##### TASK INPUTS
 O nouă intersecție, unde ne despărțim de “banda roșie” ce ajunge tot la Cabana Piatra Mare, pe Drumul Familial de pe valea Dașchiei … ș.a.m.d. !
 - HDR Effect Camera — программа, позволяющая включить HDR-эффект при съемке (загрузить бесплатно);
##########
##### TASK INPUTS
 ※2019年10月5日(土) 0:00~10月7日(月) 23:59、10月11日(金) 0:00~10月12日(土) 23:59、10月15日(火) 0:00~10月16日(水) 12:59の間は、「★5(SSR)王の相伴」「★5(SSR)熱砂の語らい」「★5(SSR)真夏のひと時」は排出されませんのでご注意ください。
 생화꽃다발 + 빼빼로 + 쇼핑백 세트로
##########
##### TASK INPUTS
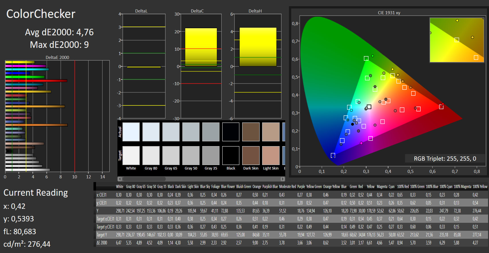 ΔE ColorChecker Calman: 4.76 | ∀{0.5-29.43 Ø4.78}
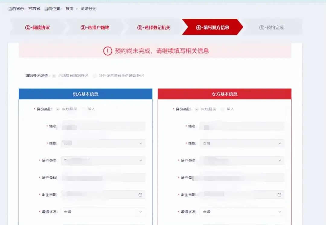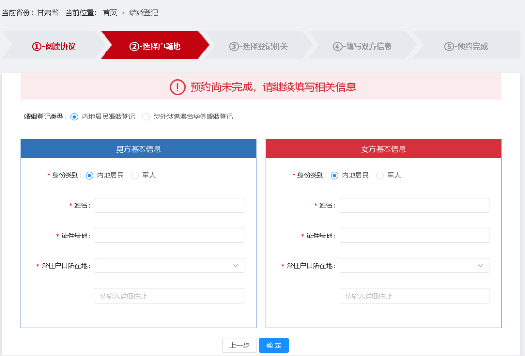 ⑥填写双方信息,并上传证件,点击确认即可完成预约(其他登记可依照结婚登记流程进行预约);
##########
EXERCISE BRIEF —
Produce only the lines from the line containing "O nouă intersecție, unde" through the line containing "- HDR Effect", inclusive of both, exactly as they stand in the entries above.

EXERCISE RESPONSE —
 O nouă intersecție, unde ne despărțim de “banda roșie” ce ajunge tot la Cabana Piatra Mare, pe Drumul Familial de pe valea Dașchiei … ș.a.m.d. !
 - HDR Effect Camera — программа, позволяющая включить HDR-эффект при съемке (загрузить бесплатно);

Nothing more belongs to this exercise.